Der Leiter des Samaria-Regionalrats, Yossi Dagan, hat sich in einem öffentlichen Schreiben an Verteidigungsminister Israel Katz gewandt und eine Änderung der offiziellen Bezeichnung von COGAT gefordert. Die bisher gebräuchliche Abkürzung steht für „Coordinator of Government Activities in the Territories“ (Koordinator der Regierungsaktivitäten in den Gebieten). Dagan verlangt, den englischen Titel künftig als „Coordinator of Government Activities in Judea and Samaria“ (Koordinator der Regierungsaktivitäten in Judäa und Samaria) zu führen. Die Bezeichnung „Territorien“ stelle, so Dagan, eine moralische und historische Ungerechtigkeit dar und schwäche das Narrativ der jahrtausendealten jüdischen Verbundenheit mit dem Land.
Bezeichnung „Territorien“ widerspreche historischer Realität
In seinem Schreiben verwies Dagan darauf, dass bereits 1968 eine offizielle staatliche Benennungskommission festgelegt habe, die Region nach ihrem historischen Namen zu bezeichnen. Er argumentiert, dass das Festhalten am Begriff „Territorien“ nicht nur unhistorisch sei, sondern auch israelische Narrative schwäche und eine anti-israelische Sichtweise unabsichtlich stärke. Dagan hatte diese Forderung bereits vor etwa sechs Monaten an Katz gestellt – bislang ohne Reaktion aus dem Verteidigungsministerium.
Dagan verweist auch auf laufende Initiativen in den Vereinigten Staaten, bei denen in mehreren Staatsparlamenten offiziell festgelegt werden soll, den Begriff „Judea and Samaria“ statt „Westbank“ zu verwenden. Während dort legislative Fortschritte erzielt würden, verzögere sich die entsprechende staatliche Anpassung in Israel, so Dagan. Er forderte den Verteidigungsminister ausdrücklich auf, diese „Saga“ zu beenden und die Umbenennung offiziell umzusetzen.

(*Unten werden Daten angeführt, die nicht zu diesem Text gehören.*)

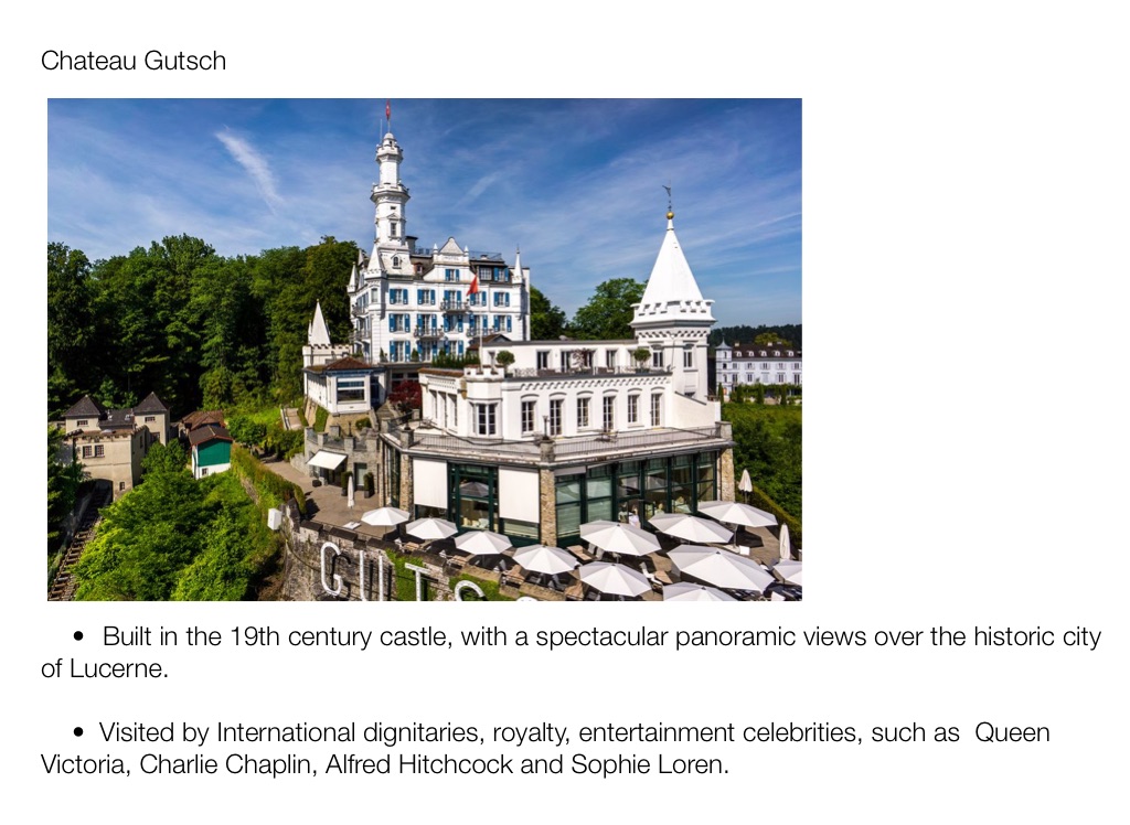 • Built in the 19th century castle, with a spectacular panoramic views over the historic city of Lucerne.
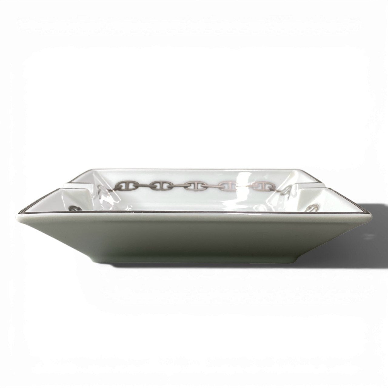 ホワイトカラーの陶器に、HERMESを象徴するシェーヌダンクルモチーフを縁にデザインしたHermes Parisのアッシュトレイです。 艶のある上質な陶器素材に、落ち着いたメタルカラーのチェーン柄が上品なアクセントになっています。 中央にはブランドを象徴するロゴモチーフがさりげなく配置され、洗練されたラグジュアリー感を演出します。 灰皿としてはもちろん、小物トレーやインテリアオブジェとしても楽しめるエルメスらしいエレガントなアイテムです。
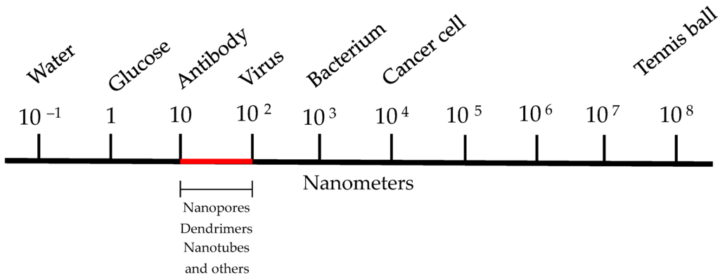 Nanotechnology, in a general way, is the study of the control of matter in the size range of 100 nm or smaller. As a comparison, a hydrogen atom is 0.1 nm in diameter, a lysosome is between 200 and 500 nm, an Escherichia coli bacterium is about 2 μm in length and most eukaryotic cells are between 8 and 30 μm in diameter or larger. The magnitude of proteins ranges between 3 and 90 nm; therefore, many enzymes, signaling molecules and receptors are in the nanoscale range []. Since most biological processes occur at the nanoscale, nanoparticulate technology has a promising future to develop novel preventive, diagnostic and therapeutic agents, such as bioactive peptides. Figure 2 shows the diagrammatic representation of the size range of materials used in nanotechnology.
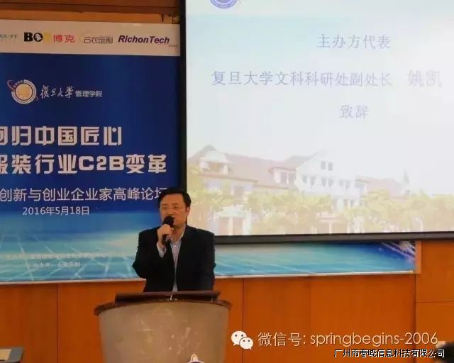 5月18日下午13:00,万众期待的“引领服装行业C2B变革,创新与创业企业家高峰论坛”在复旦大学管理学院如期召开并于下午17:30完美落幕,本次论坛由复旦大学管理学院主办、广州星空电竞信息科技有限公司协助举办,会场内座无虚席,200余人到场参会。论坛邀请了多位资深学者、成功企业家等重磅嘉宾纯干货主题演讲,受到广泛好评,会议进行中掌声持续响起。
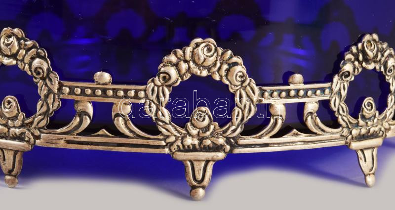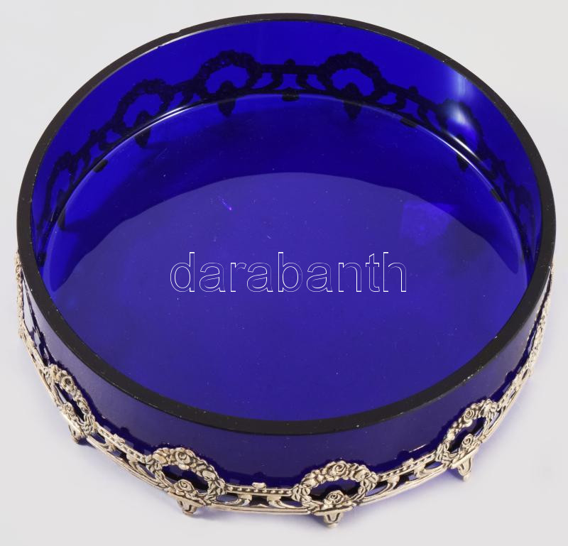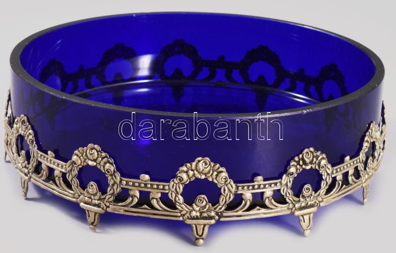 Királykék üveg kínáló, fém szerelékkel, hibátlan, d: 15 cm

Die COGAT-Einheit ist eine innerhalb des Verteidigungsministeriums angesiedelte Behörde, die seit dem Sechstagekrieg von 1967 für zivile und humanitäre Angelegenheiten sowie die Koordination zwischen israelischen Behörden und der palästinensischen Bevölkerung zuständig ist. Sie spielt eine zentrale Rolle bei der Verwaltung von Infrastrukturprojekten, der Erteilung von Arbeits- und Reiseerlaubnissen und der Koordination internationaler Hilfsmaßnahmen.
Die Debatte über den Namen der Behörde ist Teil einer breiteren Diskussion über Staats- und Gebietsnamen im Zusammenhang mit dem Konflikt um Judäa und Samaria, der international zumeist als „Westjordanland“ bezeichnet wird. In Israel selbst wächst unter Teilen der Bevölkerung und politischen Führern die Forderung, Namen zu verwenden, die die historische jüdische Verbindung zur Region ausdrücken.